◆ **Problem details**:
Each record here should be printed again exactly; please leave its pictures out.

——————————

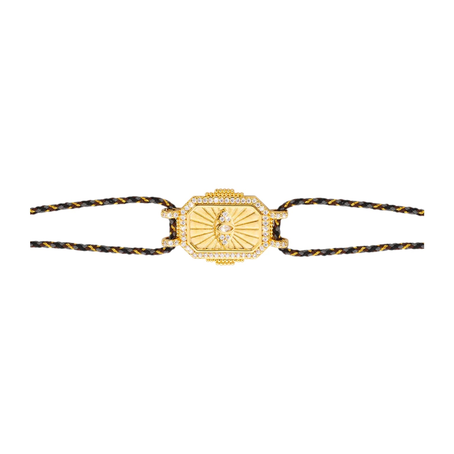 Βραχιόλι από κορδόνι με ρυθμιζόμενο κούμπωμα με διακοσμητικό στοιχείο από ορείχαλκο επιχρυσομένο με πέτρες - MYA-BAY
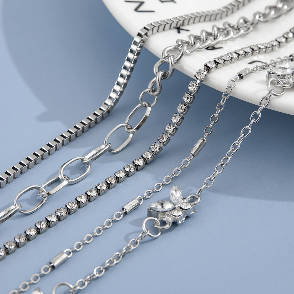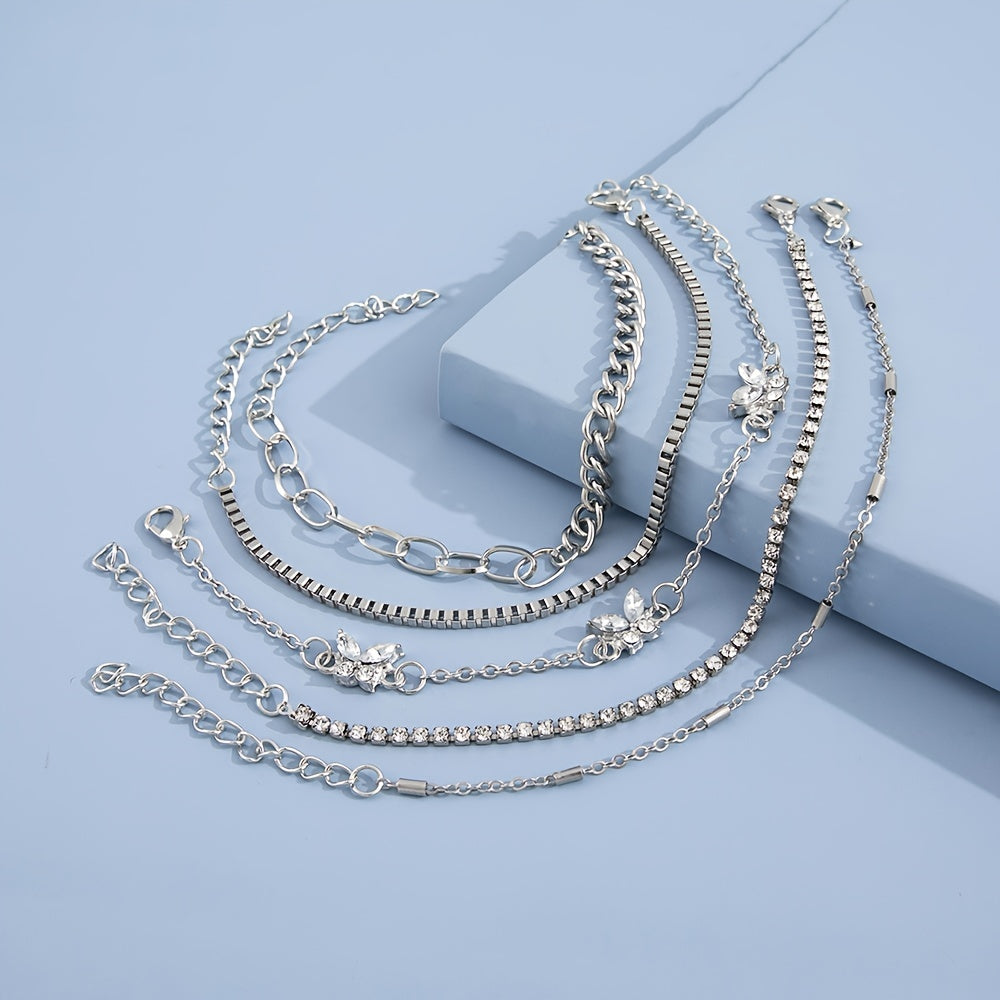 This set includes 5 chain bracelets with inlaid zircon stones, perfect for adding a touch of elegance to your outfit. The adjustable design ensures a comfortable fit for women and girls.
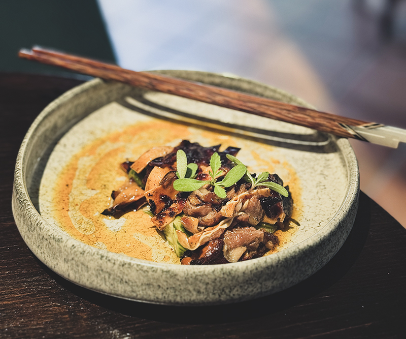 De la huerta trae su Berenjena dorada con glaseado agripicante (8€) una elaboración pensada para compartir. Se rebozan en harina de maíz y después reciben un golpe de freidora. Una vez fritas, se glasean con sésamo y pimienta de Sichuan. Aunque en los primeros bocados la pimienta acapara el protagonismo, pronto empieza a abrirse paso el sabor de la berenjena. Aunque esta elaboración no siga del todo la línea de las anteriores, merece la pena probarla
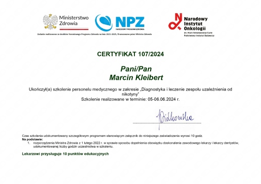 Certyfikowany lekarz zajmujący się diagnostyką i leczeniem zespołu uzależnienia od nikotyny (ukończony kurs prowadzony przez Narodowy Instytut Onkologii).
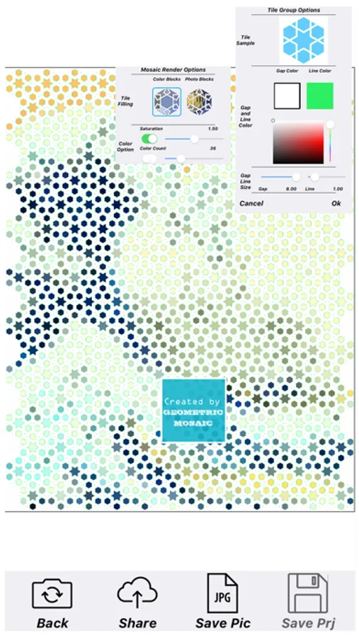 you can share the mosaic design with friends, or printed as a poster, or use it to guide building a ceramic mosaics, whatever.
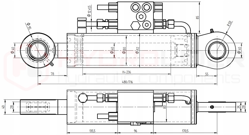 ЦИЛИНДР ВРАЩЕНИЯ ПЛУГА ЦИЛИНДР 2-СТР. 80/40/236 ХОД 236 мм L:480 ГИДРОЛИДЕР
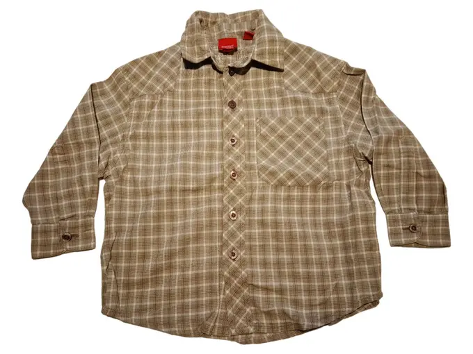 Kinder Freizeithemd Gr. 92 Braun Kariert Langarm Baumwolle Casual
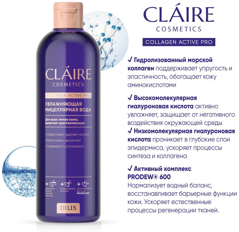 Claire Cosmetics Мицеллярная вода для лица увлажняющая-20% +57 хорошо смывает не щиплет приятный запах большой объём увлажняет кожу
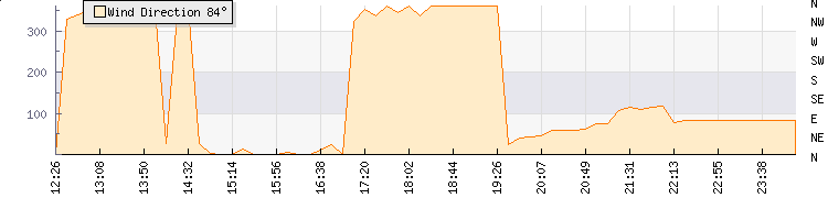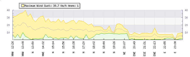 In the last few minutes the wind was Easterly at an average speed of 5 kmh, reaching up to 7 kmh and a low of 2 kmh. The gust strength is5 kmh above the minimum speed |

——————————

◆ **Written solution**:
 Βραχιόλι από κορδόνι με ρυθμιζόμενο κούμπωμα με διακοσμητικό στοιχείο από ορείχαλκο επιχρυσομένο με πέτρες - MYA-BAY
 This set includes 5 chain bracelets with inlaid zircon stones, perfect for adding a touch of elegance to your outfit. The adjustable design ensures a comfortable fit for women and girls.
 De la huerta trae su Berenjena dorada con glaseado agripicante (8€) una elaboración pensada para compartir. Se rebozan en harina de maíz y después reciben un golpe de freidora. Una vez fritas, se glasean con sésamo y pimienta de Sichuan. Aunque en los primeros bocados la pimienta acapara el protagonismo, pronto empieza a abrirse paso el sabor de la berenjena. Aunque esta elaboración no siga del todo la línea de las anteriores, merece la pena probarla
 Certyfikowany lekarz zajmujący się diagnostyką i leczeniem zespołu uzależnienia od nikotyny (ukończony kurs prowadzony przez Narodowy Instytut Onkologii).
 you can share the mosaic design with friends, or printed as a poster, or use it to guide building a ceramic mosaics, whatever.
 ЦИЛИНДР ВРАЩЕНИЯ ПЛУГА ЦИЛИНДР 2-СТР. 80/40/236 ХОД 236 мм L:480 ГИДРОЛИДЕР
 Kinder Freizeithemd Gr. 92 Braun Kariert Langarm Baumwolle Casual
 Claire Cosmetics Мицеллярная вода для лица увлажняющая-20% +57 хорошо смывает не щиплет приятный запах большой объём увлажняет кожу
 In the last few minutes the wind was Easterly at an average speed of 5 kmh, reaching up to 7 kmh and a low of 2 kmh. The gust strength is5 kmh above the minimum speed |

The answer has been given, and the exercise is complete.